= Task objective =
Scan the material that follows. Copy every line containing the word "black".

= Stored data =
--------

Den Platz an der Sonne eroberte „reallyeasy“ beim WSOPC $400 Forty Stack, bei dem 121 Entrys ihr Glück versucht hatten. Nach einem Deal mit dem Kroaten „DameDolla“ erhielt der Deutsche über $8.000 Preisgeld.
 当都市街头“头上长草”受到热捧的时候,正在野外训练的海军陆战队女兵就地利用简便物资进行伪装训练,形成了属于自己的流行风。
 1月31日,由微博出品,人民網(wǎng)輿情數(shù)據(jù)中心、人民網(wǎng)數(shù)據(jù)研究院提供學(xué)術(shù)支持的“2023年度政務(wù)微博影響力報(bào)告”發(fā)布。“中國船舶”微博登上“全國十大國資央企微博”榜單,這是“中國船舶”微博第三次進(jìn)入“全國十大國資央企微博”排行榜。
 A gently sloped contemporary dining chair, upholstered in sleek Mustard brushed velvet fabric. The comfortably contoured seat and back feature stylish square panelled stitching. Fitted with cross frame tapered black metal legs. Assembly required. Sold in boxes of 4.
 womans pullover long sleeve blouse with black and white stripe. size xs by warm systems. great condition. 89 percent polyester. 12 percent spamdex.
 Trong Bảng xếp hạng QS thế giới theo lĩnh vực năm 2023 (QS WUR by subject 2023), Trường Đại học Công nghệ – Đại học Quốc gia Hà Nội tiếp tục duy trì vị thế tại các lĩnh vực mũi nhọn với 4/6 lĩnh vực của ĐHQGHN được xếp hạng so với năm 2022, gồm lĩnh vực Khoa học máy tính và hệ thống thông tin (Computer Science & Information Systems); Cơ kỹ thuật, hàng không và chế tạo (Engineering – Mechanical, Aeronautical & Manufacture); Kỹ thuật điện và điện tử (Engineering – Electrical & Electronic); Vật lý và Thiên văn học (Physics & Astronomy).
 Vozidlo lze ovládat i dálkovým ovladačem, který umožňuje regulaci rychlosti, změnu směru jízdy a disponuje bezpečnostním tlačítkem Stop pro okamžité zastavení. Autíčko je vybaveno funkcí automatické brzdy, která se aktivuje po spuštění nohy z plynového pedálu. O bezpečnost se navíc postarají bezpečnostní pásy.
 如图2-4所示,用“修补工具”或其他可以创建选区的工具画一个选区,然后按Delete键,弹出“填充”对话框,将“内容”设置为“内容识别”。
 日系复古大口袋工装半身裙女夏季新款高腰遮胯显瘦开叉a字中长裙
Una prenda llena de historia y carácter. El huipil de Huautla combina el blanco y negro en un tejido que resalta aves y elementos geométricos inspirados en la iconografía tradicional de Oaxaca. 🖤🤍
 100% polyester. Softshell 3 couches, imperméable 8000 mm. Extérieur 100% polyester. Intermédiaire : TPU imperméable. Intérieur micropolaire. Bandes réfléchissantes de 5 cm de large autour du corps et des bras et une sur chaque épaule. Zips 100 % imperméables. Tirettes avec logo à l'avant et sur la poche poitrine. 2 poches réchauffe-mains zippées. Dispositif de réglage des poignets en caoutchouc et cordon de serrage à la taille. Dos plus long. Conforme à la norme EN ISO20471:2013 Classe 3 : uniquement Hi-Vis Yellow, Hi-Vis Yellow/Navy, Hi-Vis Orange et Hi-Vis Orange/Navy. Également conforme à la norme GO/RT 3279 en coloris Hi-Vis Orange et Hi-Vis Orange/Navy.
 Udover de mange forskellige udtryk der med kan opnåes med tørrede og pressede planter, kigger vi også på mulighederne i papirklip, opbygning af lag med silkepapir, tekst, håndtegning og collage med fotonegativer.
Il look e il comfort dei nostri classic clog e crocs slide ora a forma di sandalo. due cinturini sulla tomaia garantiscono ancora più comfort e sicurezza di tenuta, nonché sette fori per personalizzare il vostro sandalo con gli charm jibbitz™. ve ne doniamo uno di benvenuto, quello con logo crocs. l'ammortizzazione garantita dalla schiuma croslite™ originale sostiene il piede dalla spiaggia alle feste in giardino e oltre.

--------

= Solution for this exercise =
 A gently sloped contemporary dining chair, upholstered in sleek Mustard brushed velvet fabric. The comfortably contoured seat and back feature stylish square panelled stitching. Fitted with cross frame tapered black metal legs. Assembly required. Sold in boxes of 4.
 womans pullover long sleeve blouse with black and white stripe. size xs by warm systems. great condition. 89 percent polyester. 12 percent spamdex.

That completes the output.